- Associated Press - Wednesday, July 7, 2010

Moving trade to a front burner, President Obama said Wednesday that the U.S. economy was on track to meet his goal of doubling exports in the next five years.

While many economists and business leaders see that target as too ambitious, the president has been increasingly linking his trade push with job creation - and trying to blunt a brewing revolt among leading business groups against his policies ahead of midterm elections.

“Export growth leads to job growth and economic growth,” Mr. Obama said as he named 18 business, labor and government leaders to a new export advisory council. “At a time when jobs are in short supply, building exports is an imperative.”

Mr. Obama said the nation’s sales abroad grew by 17 percent in the first four months of this year, declaring: “Our efforts are off to a solid start.”

Yet while the Commerce Department said exports of goods and services from January through April were up 16.9 percent, imports rose even more - up by 19.6 percent over the period.
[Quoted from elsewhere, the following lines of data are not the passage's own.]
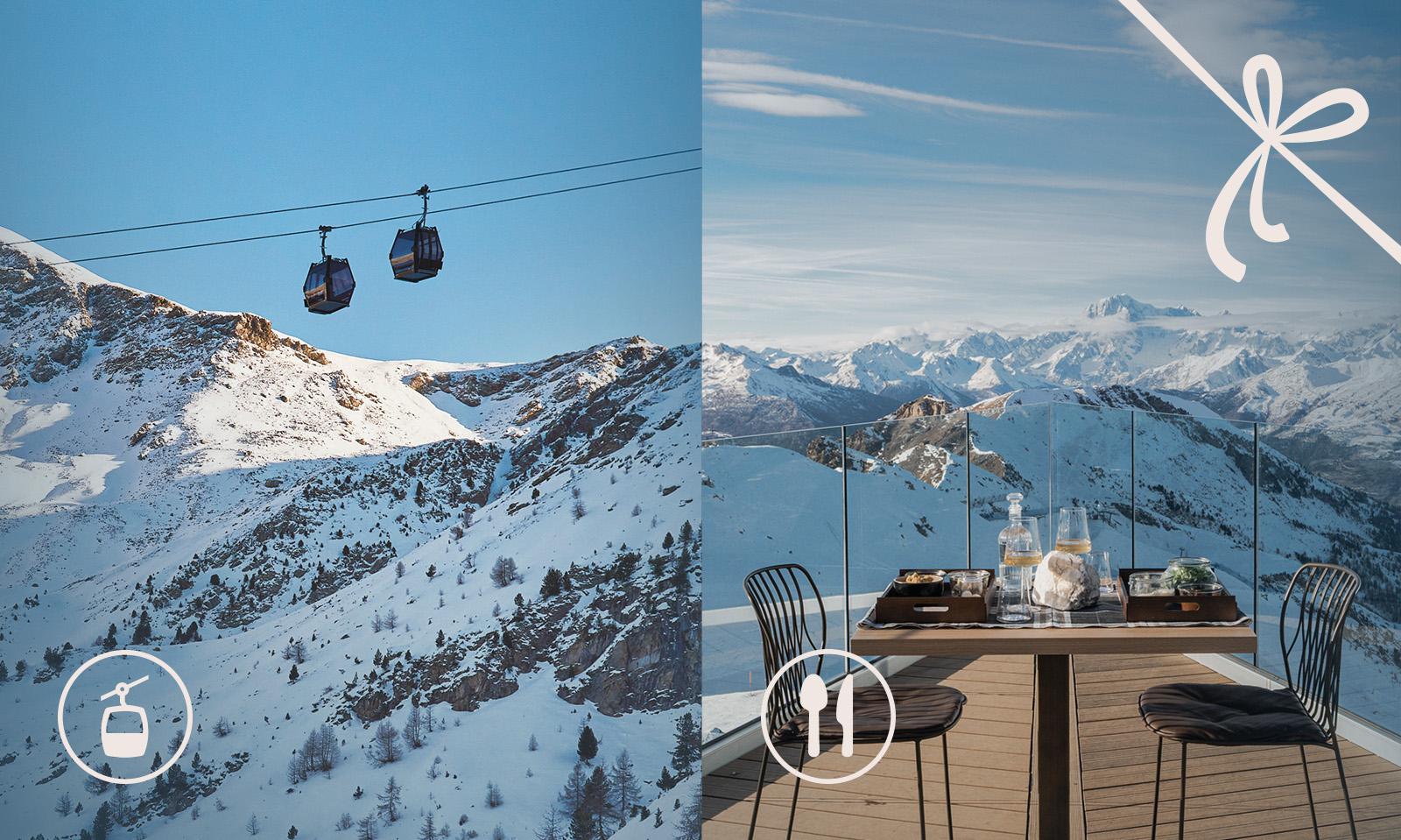 Émerveillez une personne spéciale en lui offrant La Stella : l’expérience complète d’un panorama sans limites associée aux saveurs des Alpes. Ce coffret cadeau est un véritable voyage multisensoriel qui combine l’émotion d’une montée panoramique en télécabine avec un déjeuner alpin sous forme de buffet à 2 723 mètres.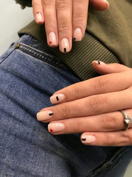Именно поэтому мастера маникюра включили в минималистический дизайн несколько таких элементов.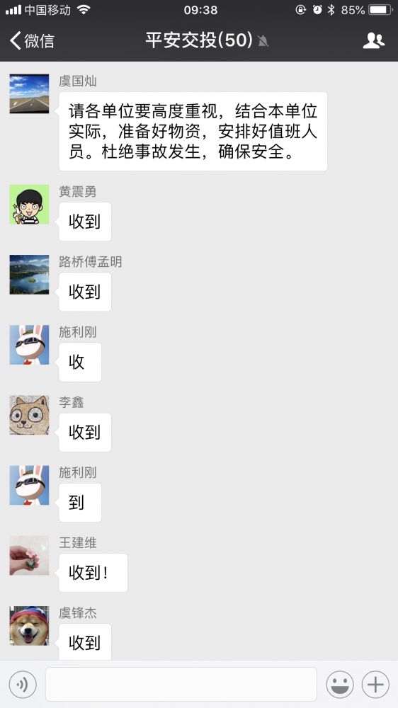 除通過紙質、電話方式布置工作外,集團領導通過“平安交投”微信號及時傳達上級要求,布置具體工作
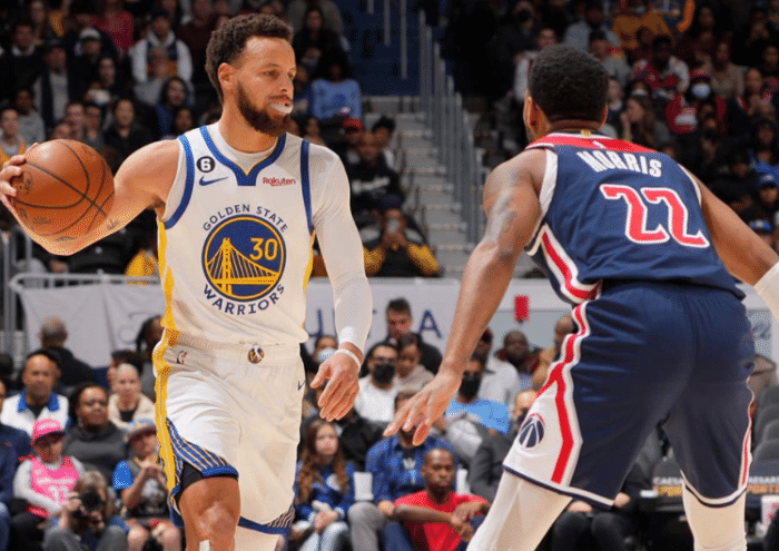 下半场,勇士第三节一度落后到9分,库里连续两记三分吹响反扑号角,三节与奇才打成93平;末节八村塁和库兹马连中三分,奇才再次获得领先,库里早早上场,面对奇才夹击仍迎着库兹马轰进不讲理三分,突破上篮,外线再中三分,关键时刻,库里顶着库兹马轰进大号两分,普尔三分也中,库里罚球客场球迷高呼MVP,最终勇士拿下比赛。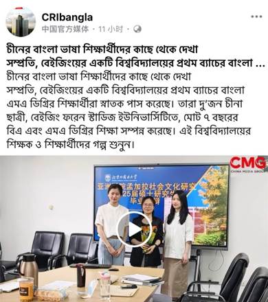报道采访了孟加拉语专业曾琼教授、外籍教师Kowsar Akter,以及两位毕业生李源毓、袁上尧,详细介绍了专业的研究生学习和研究实践活动,详尽梳理了北外孟加拉语专业从本科到硕士的培养理念与教学模式。北外孟加拉语专业注重“语言+文化”的模式,培养既精通语言,也精准掌握社会文化(包含历史、宗教、文学等)专业知识,同时具备研究能力的人才。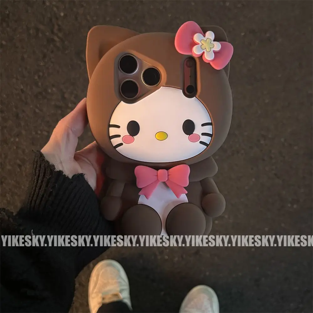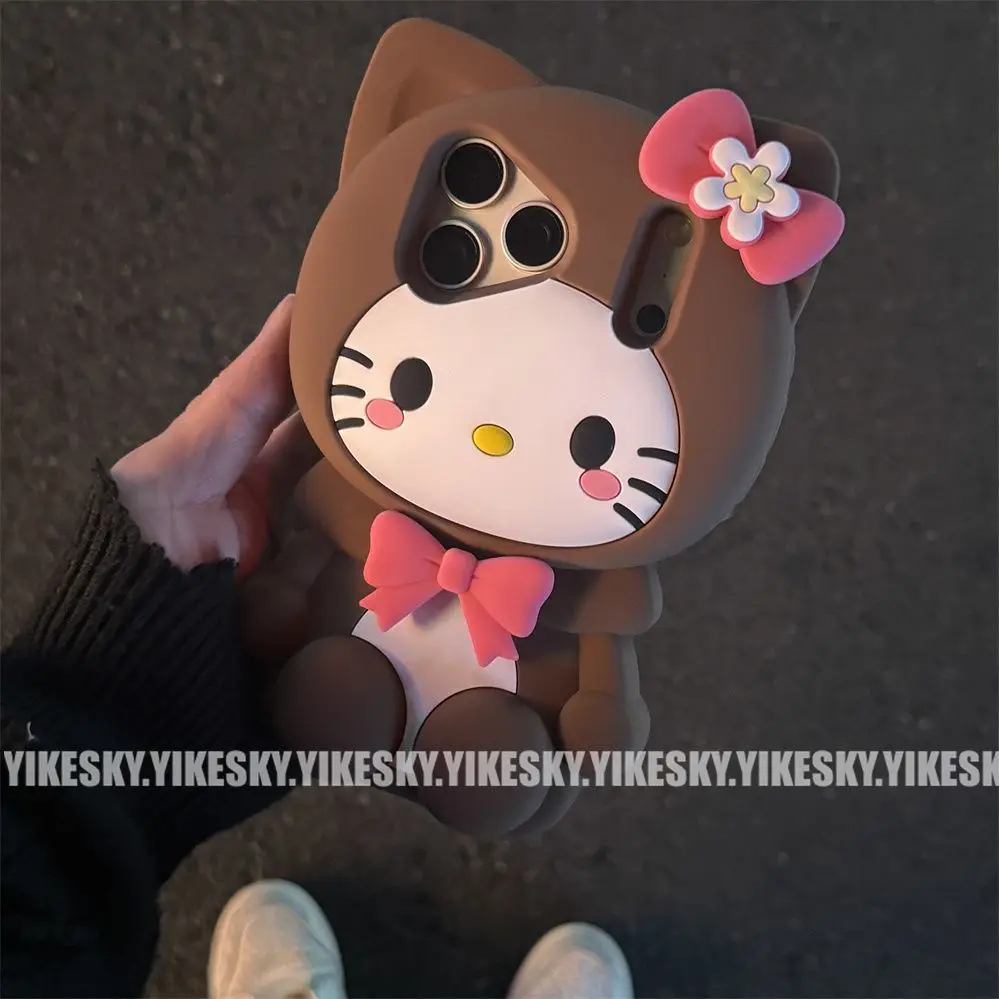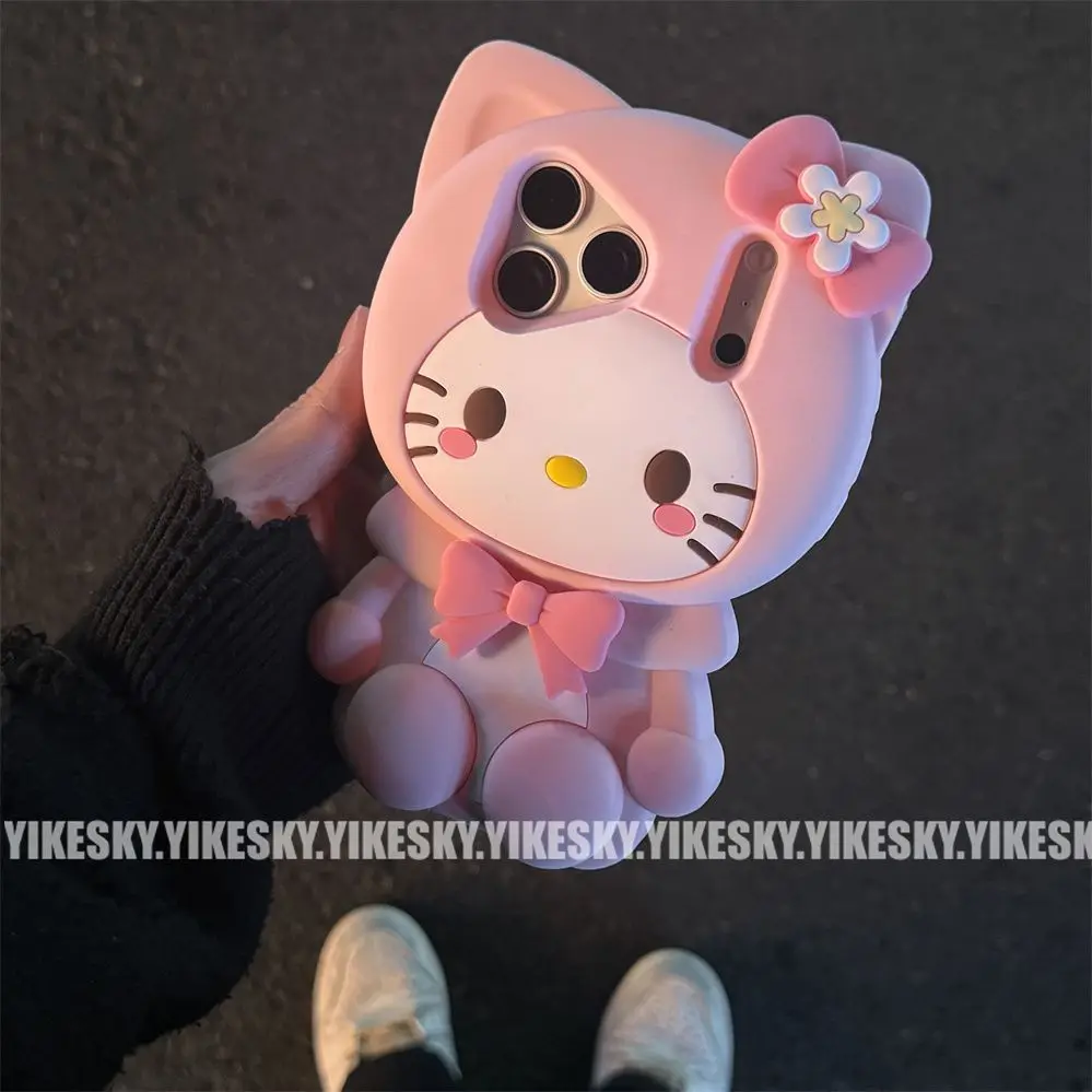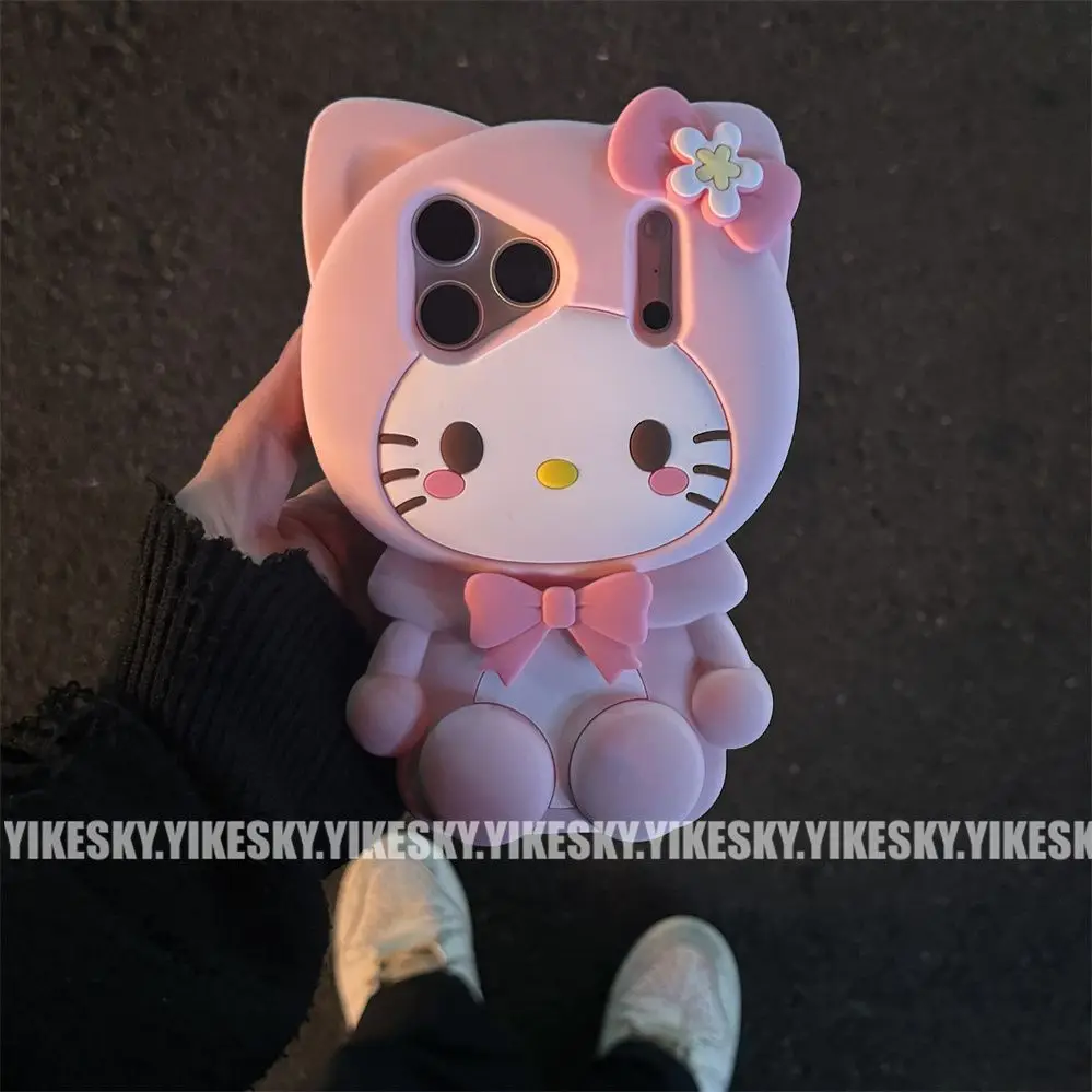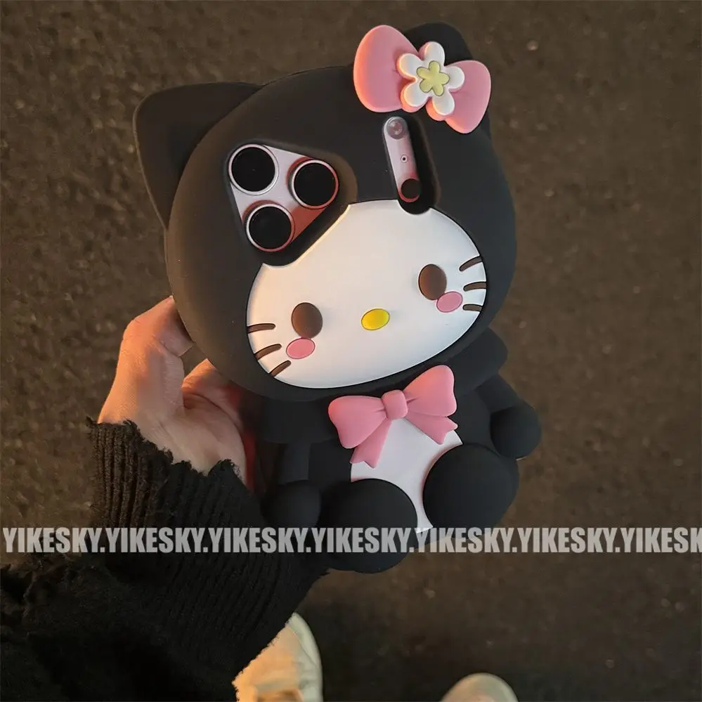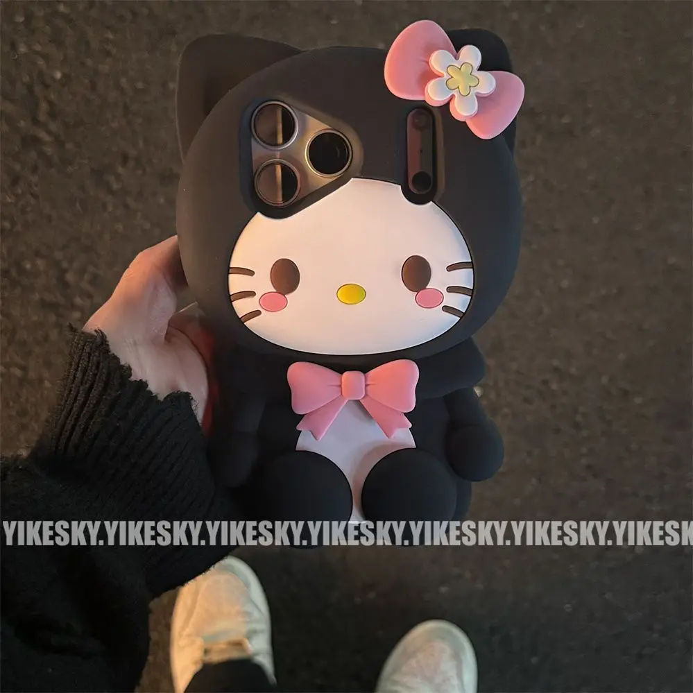 Kawaii Sanrio HelloKitty 3D Sweet Punk Bow Silicone Case for IPhone 17ProMax 16 15 13 Cute Anime Cartoon Holiday Gift for Girls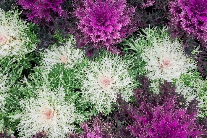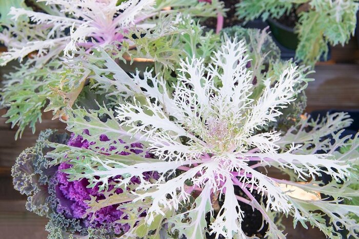 別名「サンゴ系」とも呼ばれる切葉系はレースのような美しい切り込みが特徴のハボタン。ホワイトの切葉系ハボタンは雪の結晶のようにも見え、冬の寄せ植えにも取り入れやすいでしょう。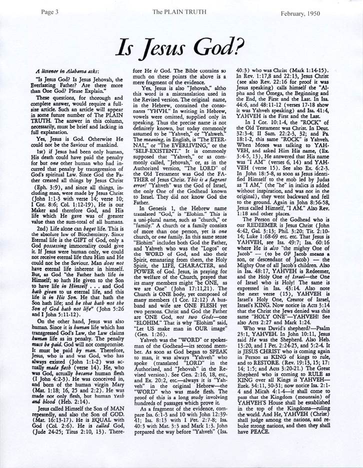 - Jésus est-il Dieu ? (The Plain Truth, Volume XV, Numéro 1, Février 1950)

The early 2010 surges in both exports and imports reflected a rebound in global trade from its deep swoon in 2008 and early 2009 at the depth of the global economic downturn.

But the manufacturing gains and inventory restocking that drove the early stages of the recovery have begun to fade, according to the latest economic reports.

With shell-shocked consumers unlikely to power the economic recovery by returning to their free-spending ways, White House officials are counting on trade and business investment to contribute a larger role.

But the president’s goal of doubling exports by 2015 “is challenging. It’s going to require a very broad set of initiatives,” said Pat Mears, director of international commercial affairs at the National Association of Manufacturers. The group strongly supports Mr. Obama’s export goals.

The president’s showcasing of his newly energized trade agenda appeared aimed, in part, at quieting increasing vocal criticism from the business community of his decisions on taxes, trade and financial regulation.

In one of the sharpest rebukes yet from corporate America, Ivan Seidenberg, chief executive of Verizon Communications Inc. and head of the influential Business Roundtable, late last month blasted the administration for decisions he said “create an increasingly hostile environment for investment and job-creation.”

Mr. Seidenberg was among those named by Mr. Obama on Wednesday to the new advisory panel, which also includes executives of Walt Disney Co., Ford Motor Co. and the Boeing Co.

Mr. Obama has also drawn criticism from business groups and free-traders on Capitol Hill for not doing more to promote trade, making little visible effort to pass free-trade agreements with Colombia, Panama and South Korea signed during the George W. Bush administration.

But in a surprise move, the president suddenly revived the South Korean pact at a global summit in Toronto, saying he hoped to have most outstanding issues resolved before he visits Seoul in November.